Yuppiechef.com
- Type: Private subsidiary
- Industry: E-commerce Retail
- Founded: 2006; 20 years ago
- Founder: Andrew Smith Shane Dryden
- Headquarters: Cape Town, South Africa
- Number of locations: 25 (2026)
- Area served: South Africa
- Products: Kitchen tools
- Parent: Mr Price Group (since 2021)
- Website: yuppiechef.com

= Yuppiechef =

South African kitchen and homeware retailer

Yuppiechef is a South African retailer of kitchen and homeware products, based in Cape Town. Founded in 2006, the company has been wholly-owned by major South African retailer Mr Price Group since 2021.

== History ==

Originally run from Smith's home, Yuppiechef was one of a few experimental e-commerce projects initiated by the co-founders, who were running a web development agency at the time.

The idea for the business originated from cooking shows and international travel. Smith and Dryden noticed that many of the kitchen tools and brands featured overseas weren't very accessible to South Africans. Instead of competing on price, Yuppiechef decided to focus on specialized products that couldn't be easily sourced elsewhere.

Yuppiechef launched with just 32 products, and deliveries were initially packed and shipped from Smith's lounge, at his home in Plumstead, Cape Town.

In June 2008, Paul Galatis, a high school friend of Smith's, joined the company as its third partner and assumed the role of Marketing Director.

In 2010, Yuppiechef won a gold Loerie and gained media attention for a campaign that made use of a national marketing campaign by the retailer Woolworths called "Woolies Lovebirds". A misspelled URL on Woolworth's marketing material, allowed them to register the URL, and post a ransom note asking that Woolworths match any donations by Yuppiechef's customers to a local charity they supported at the time.

Known for including handwritten cards with deliveries, Yuppiechef established and early presence in the South African e-commerce sector.
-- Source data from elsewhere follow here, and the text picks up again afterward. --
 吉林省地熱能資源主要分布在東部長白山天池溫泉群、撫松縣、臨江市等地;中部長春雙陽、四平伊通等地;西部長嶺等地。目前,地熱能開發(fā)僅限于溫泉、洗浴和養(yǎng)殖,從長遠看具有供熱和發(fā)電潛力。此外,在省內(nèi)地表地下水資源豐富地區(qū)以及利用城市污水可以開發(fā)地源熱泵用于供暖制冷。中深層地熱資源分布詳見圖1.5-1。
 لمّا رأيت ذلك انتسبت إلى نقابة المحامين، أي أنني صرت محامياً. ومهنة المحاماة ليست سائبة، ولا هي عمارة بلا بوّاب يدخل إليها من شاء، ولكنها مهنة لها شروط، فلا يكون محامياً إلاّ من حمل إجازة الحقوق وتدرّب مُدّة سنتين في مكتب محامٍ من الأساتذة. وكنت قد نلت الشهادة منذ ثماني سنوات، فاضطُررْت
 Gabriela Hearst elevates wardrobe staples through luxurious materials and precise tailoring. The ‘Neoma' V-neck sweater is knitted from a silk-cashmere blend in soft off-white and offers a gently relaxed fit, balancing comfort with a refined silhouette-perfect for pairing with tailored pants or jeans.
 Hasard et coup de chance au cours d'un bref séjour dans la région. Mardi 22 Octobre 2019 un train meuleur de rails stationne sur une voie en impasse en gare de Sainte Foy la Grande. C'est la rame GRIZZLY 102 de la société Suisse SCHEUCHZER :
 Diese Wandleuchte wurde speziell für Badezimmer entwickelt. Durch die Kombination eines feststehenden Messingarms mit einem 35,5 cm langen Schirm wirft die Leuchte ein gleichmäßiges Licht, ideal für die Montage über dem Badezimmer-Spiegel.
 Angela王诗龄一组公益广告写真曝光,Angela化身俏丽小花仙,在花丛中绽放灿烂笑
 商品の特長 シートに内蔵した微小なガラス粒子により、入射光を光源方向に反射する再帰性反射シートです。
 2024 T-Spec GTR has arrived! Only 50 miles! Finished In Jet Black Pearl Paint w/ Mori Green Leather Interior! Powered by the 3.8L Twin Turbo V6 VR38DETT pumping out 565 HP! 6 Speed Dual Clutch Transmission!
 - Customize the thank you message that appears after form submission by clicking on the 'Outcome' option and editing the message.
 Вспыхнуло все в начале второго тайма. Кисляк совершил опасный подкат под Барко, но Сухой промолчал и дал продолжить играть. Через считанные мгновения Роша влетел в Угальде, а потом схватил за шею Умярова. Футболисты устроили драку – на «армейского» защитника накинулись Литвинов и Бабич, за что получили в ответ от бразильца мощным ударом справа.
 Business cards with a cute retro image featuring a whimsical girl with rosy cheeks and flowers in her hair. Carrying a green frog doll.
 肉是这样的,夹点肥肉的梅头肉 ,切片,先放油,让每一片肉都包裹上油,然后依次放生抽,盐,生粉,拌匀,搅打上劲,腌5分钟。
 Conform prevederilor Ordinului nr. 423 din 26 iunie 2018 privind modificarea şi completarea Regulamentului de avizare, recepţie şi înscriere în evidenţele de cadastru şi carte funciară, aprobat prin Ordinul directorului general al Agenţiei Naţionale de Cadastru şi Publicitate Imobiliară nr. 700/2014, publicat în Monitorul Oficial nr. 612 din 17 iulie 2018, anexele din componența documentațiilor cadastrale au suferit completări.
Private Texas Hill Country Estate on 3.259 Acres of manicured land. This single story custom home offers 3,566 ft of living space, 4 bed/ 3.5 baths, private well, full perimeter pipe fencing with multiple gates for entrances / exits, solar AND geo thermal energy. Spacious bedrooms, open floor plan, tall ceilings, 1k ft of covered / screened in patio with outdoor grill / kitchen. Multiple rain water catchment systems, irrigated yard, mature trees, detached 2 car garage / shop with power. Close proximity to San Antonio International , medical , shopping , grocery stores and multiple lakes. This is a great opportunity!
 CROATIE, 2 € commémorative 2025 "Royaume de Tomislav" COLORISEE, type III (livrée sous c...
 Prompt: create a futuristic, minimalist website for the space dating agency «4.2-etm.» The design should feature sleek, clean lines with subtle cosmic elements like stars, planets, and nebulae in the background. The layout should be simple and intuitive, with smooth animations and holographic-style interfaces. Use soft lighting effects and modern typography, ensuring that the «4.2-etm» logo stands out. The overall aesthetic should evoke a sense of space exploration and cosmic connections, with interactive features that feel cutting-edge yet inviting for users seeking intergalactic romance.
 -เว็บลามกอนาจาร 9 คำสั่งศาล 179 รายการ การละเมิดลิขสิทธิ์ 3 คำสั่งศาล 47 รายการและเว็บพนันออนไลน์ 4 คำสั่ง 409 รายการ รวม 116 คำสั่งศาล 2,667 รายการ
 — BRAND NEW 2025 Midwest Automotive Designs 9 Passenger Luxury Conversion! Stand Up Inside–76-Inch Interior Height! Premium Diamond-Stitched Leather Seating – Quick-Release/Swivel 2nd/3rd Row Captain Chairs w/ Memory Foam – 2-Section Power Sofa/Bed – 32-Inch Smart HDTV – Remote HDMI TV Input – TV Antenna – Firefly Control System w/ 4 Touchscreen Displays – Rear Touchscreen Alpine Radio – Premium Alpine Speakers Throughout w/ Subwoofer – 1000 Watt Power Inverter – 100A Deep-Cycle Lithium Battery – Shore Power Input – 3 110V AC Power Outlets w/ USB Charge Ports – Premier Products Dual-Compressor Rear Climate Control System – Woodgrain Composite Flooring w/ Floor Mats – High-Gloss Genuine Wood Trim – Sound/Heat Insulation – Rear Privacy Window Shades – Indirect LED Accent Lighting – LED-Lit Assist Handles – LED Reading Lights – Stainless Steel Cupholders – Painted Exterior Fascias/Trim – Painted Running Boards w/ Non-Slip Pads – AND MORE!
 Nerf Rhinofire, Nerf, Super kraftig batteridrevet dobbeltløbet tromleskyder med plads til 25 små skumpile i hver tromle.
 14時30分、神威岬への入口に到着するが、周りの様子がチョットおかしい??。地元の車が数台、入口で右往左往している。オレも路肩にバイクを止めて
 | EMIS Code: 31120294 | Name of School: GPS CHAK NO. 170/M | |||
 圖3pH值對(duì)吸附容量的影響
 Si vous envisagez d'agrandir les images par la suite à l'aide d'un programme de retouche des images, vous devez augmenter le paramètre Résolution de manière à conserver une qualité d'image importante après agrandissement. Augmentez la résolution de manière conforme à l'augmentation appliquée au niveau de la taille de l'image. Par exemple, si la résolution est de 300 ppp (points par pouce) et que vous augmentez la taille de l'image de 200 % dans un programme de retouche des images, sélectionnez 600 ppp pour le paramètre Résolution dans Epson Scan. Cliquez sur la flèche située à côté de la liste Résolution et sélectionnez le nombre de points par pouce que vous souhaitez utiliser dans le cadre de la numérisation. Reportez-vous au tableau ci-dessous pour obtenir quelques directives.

The company was named the best eCommerce store in South Africa annually from 2010 through 2015.

12 years after starting its online store, Yuppiechef opened its first brick & mortar stores in Cape Town and Johannesburg. In October 2017, the first of their physical retail stores was launched. The company has subsequently opened two more stores in Cape Town. Yuppiechef's headquarters in Westlake Business Park also contains a store.

Yuppiechef was sold to major South African retail chain Mr Price Group in 2021, in a deal valued at around R470 million. The company's founders remained with Yuppiechef for a year, before leaving in 2022.

== Operations ==

As of June 2026, Yuppiechef retails online, and operates a total of 25 physical stores, across multiple of South Africa's major cities.